The only issue in finding the ideal lodging in Quebec City is the sheer amount of choices! Several locations provide multi-room suites, apartment-style accommodation, or bed and breakfast for groups if you’re traveling with pals. Many hotels cater to family groups, which families will find. One of the best hotels in the world, the Fairmont Chateau Frontenac, has come to represent a city visually. There aren’t many hotels that genuinely provide a historical walking tour of the Chateau, but this one does because the Frontenac narrative is so deep in the past.

There is never a wrong time of year to travel to Quebec, but there are certainly some exceptional ones. Mid-February sees the annual Carnaval de Québec, a festive celebration of everything winter (including the Ice Hotel and the iconic mascot Bonhomme). Mid-August sees the New France Festival, which features parades, nonstop music, delicious food, costumes everywhere, and absolutely no justification for not having a great time.

FAQs

How far is Quebec city from Montreal by train

You can travel from Montreal to Quebec City by train, which takes around 2h. Alternatively, you can take a bus, which takes 3h.

Which is the best time of year to visit Quebec City?

The best time to visit Quebec City is in the summer when the weather is warm and many events and festivals occur. However, the city is also beautiful in the winter, and you’ll find that the prices are lower if you visit during this time.

Best small towns between Montreal and Quebec City

Many small towns are located between Montreal and Quebec City, each with its unique charm. Some of our favorites include:

– Saint-Sauveur: This mountain town is a popular destination for skiing and snowboarding in the winter and hiking and mountain biking in the summer. There are also several spas and restaurants located in the town.

– Bromont: Located in the Eastern Townships, Bromont is known for its beautiful lakes and mountains. The town is also home to several golf courses and a large ski resort.

– Magog: Magog is a picturesque town located on Lake Memphremagog. The town is home to several art galleries, shops, and restaurants.

– Orford: Orford is a small town located in the heart of the Eastern Townships. The town is home to several hiking trails, a golf course, and a ski hill.

Where to eat between Montreal and Quebec City

There are many great places to eat between Montreal and Quebec City. However, if you’re looking for some truly exceptional cuisine, we recommend the following restaurants:

– Le Balthazar: Located in Magog, Le Balthazar is a French restaurant that serves classic dishes with a modern twist.

– Chez Muffy: located in Saint-Sauveur, Chez Muffy is a cozy restaurant specializing in traditional Quebecois dishes.

– La Piazza is an Italian restaurant located in Bromont, La Piazza, with a beautiful outdoor patio overlooking the golf course.

– L’Initiale: In Orford, L’Initiale is a Michelin-starred restaurant serving French cuisine with a modern twist.

Where to stay between Montreal and Quebec City?

There are many great places to stay between Montreal and Quebec City. However, if you’re looking for something truly special, we recommend the following hotels:

– Auberge Saint-Antoine: located in Quebec City, this hotel is housed in a converted flour mill and features beautifully appointed rooms and suites.

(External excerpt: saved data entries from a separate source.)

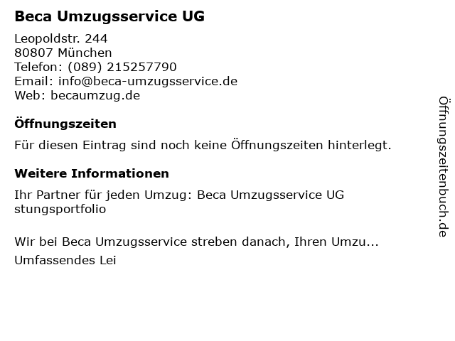 | Öffnungszeiten Beca Umzugsservice UG in München anzeigen | |
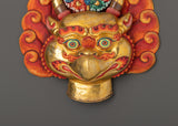 Garuda is known as a fierce defender against negativity, recognized for his ability to repel evil and protect spiritual practitioners. The flame-like aura surrounding the mask represents divine strength, while the detailed craftsmanship on the eyes and beak signifies intelligence and alertness. In Buddhist traditions, Garuda is acknowledged for removing illusion and ignorance; thus, this gold-plated Garuda wall hanging would make an auspicious addition to any home, temple, or meditation space.
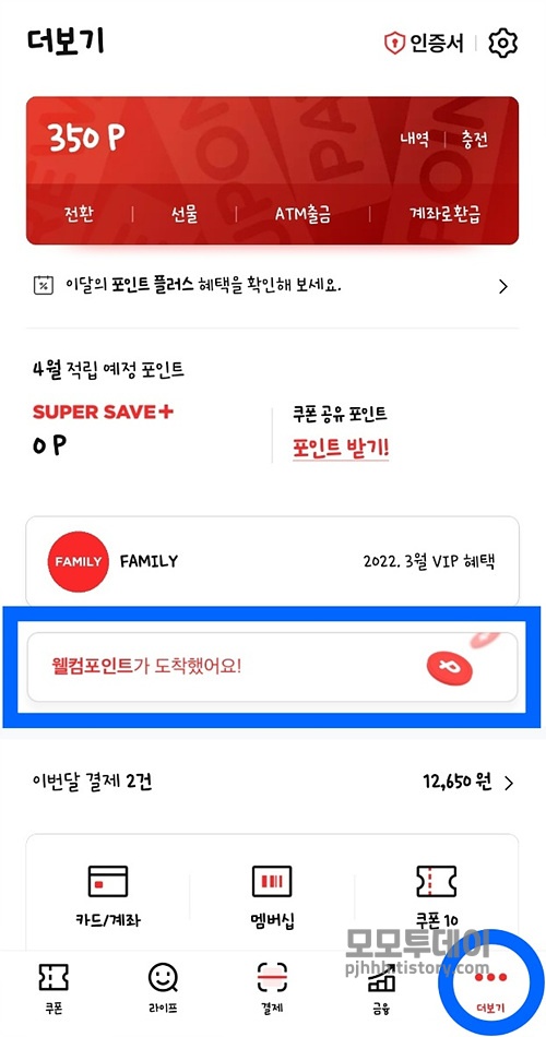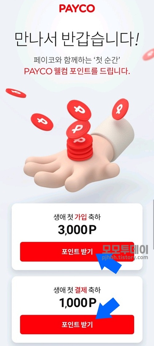 가입 축하 포인트와 첫 결제 후에 지급되는 축하 포인트는 페이코 앱 하단 메뉴 [더보기]에서 페이지 가운데 [웰컴 포인트가 도착했어요]를 누르고, 다음 페이지에서 해당 포인트 아래 [포인트 받기]를 누르면 지급됩니다.
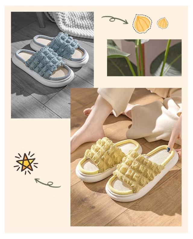 | おしゃれ感たっぷりの夏用ルームシューズ! 麻で作るものは着る人に良い感じを与える。 夏や春秋にも適用するものです。 通気性が良く、水分の吸湿や発散性に優れているため、清涼感があります。 底面には弾力性のあるEVAを採用し、衝撃を吸収してくれるため、足音を減らしし、歩いたときにパタパタと音がしません。 滑り止めが付いているので、階段を下りるのに助かっています。 | |

– Hôtel Le Germain Québec: located in Quebec City, this hotel is centrally located and features a modern design.

– Hôtel Champlain: This hotel is located in Orford, on beautiful lakefront property and features a spa and outdoor pool.

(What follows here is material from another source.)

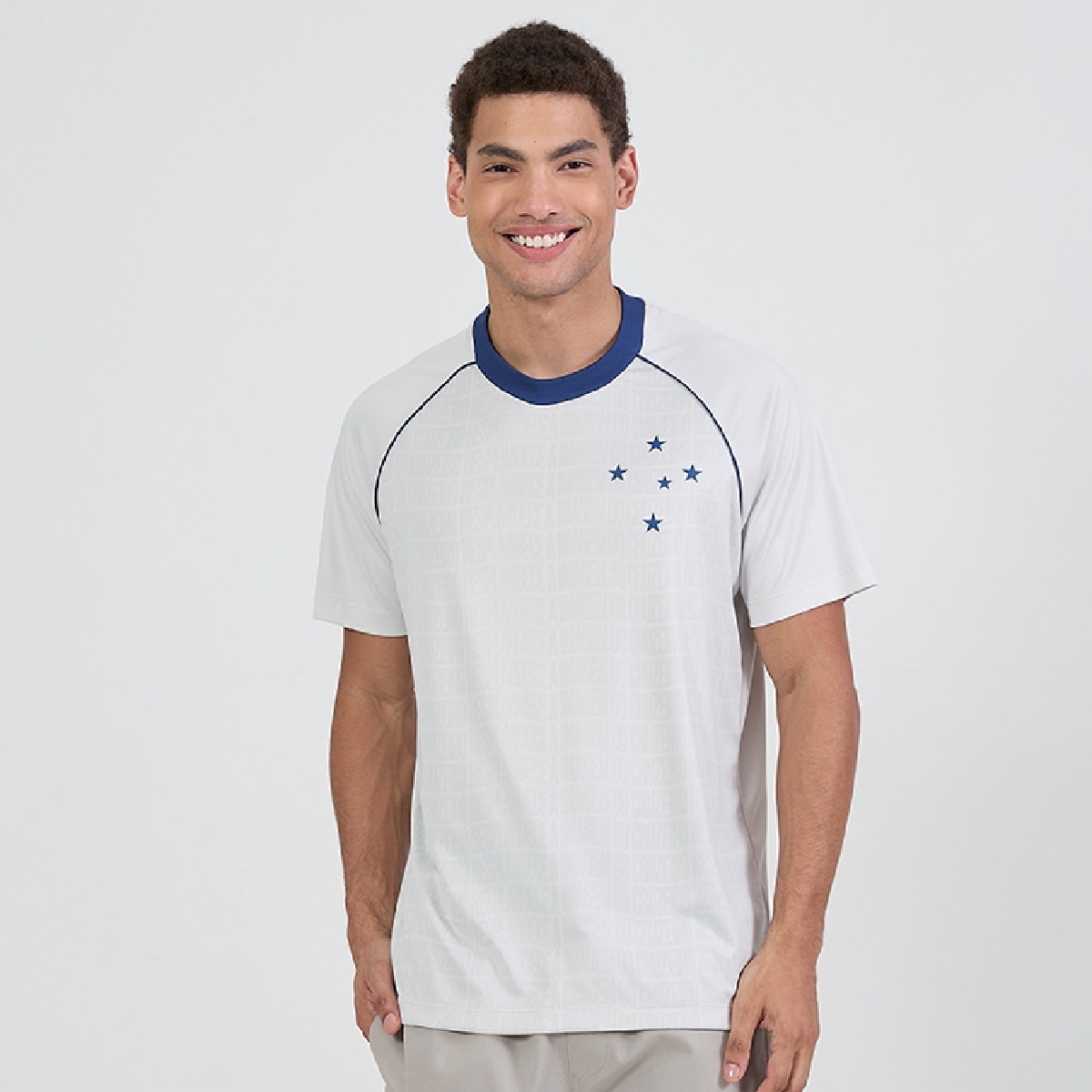 O design geométrico traz um toque contemporâneo, enquanto os detalhes em azul na gola e o escudo celeste estampado reforçam o orgulho e a tradição do Cruzeiro. Uma peça que traduz identidade, modernidade e amor pelo clube.
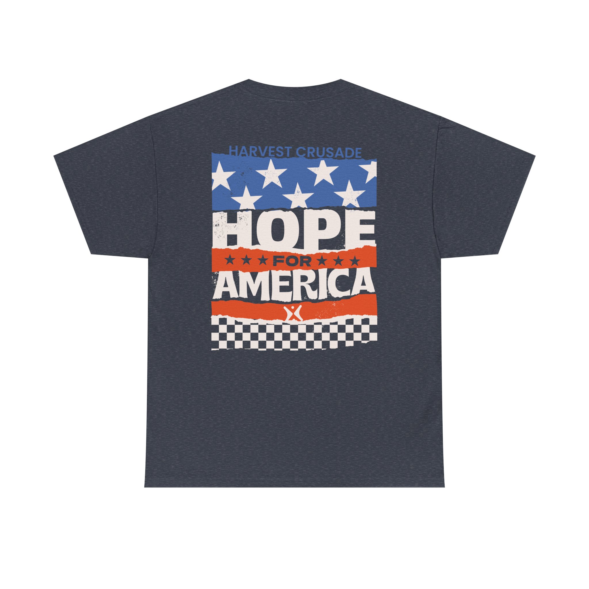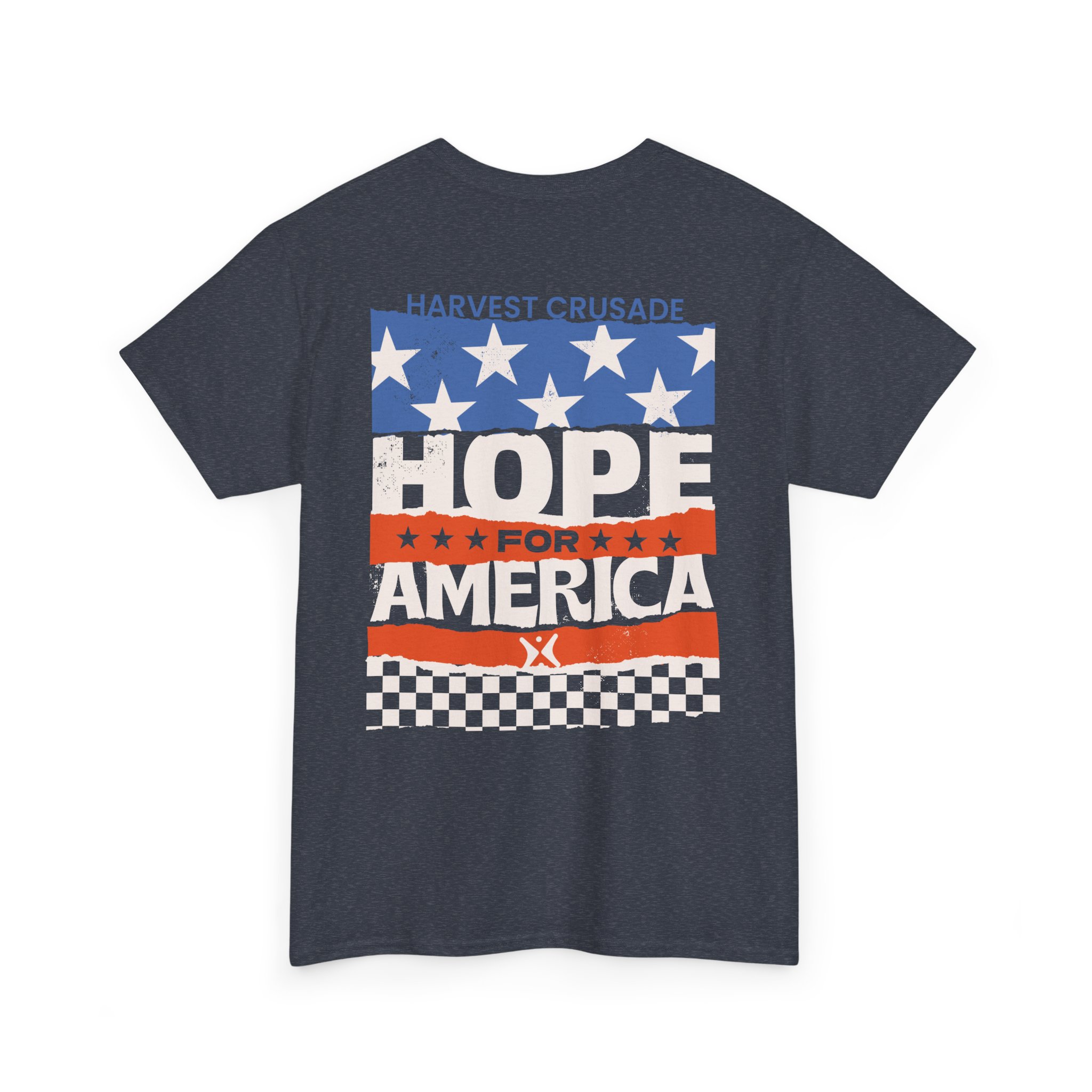 This lightweight cotton tee carries quiet, earnest patriotism — a soft white canvas with a small chest emblem and a bold, weathered flag graphic across the back reading “Harvest Crusade • Hope for America.” It feels lived-in from the first wear: breathable Airlume combed cotton that layers easily under a jacket or stands on its own on warm nights. The retail fit and crew neckline keep the look neat and approachable, while reinforced shoulder tape and side seams ensure it keeps shape through repeated wear. For people who show faith and civic hope through their wardrobe, this shirt speaks with subtlety in front and with proud, vintage-inspired graphics on the back.

– Fairmont Château Frontenac: located in Quebec City, this hotel is situated in a historic castle and overlooks the St. Lawrence River.

Driving from Montreal to Quebec city in winter

If you’re planning on driving from Montreal to Quebec City in the winter, it’s important to be prepared for the conditions. The roads can be icy and snow-covered, so ensure you have a good set of tires and a full gas tank. It’s also a good idea to pack a blanket and some snacks in case you get stranded.

Montreal to Quebec city via route 138

The most direct route from Montreal to Quebec City is via Route 138. This road takes you through the heart of the Laurentian Mountains and past several scenic lakes. The drive takes approximately 2.5 hours.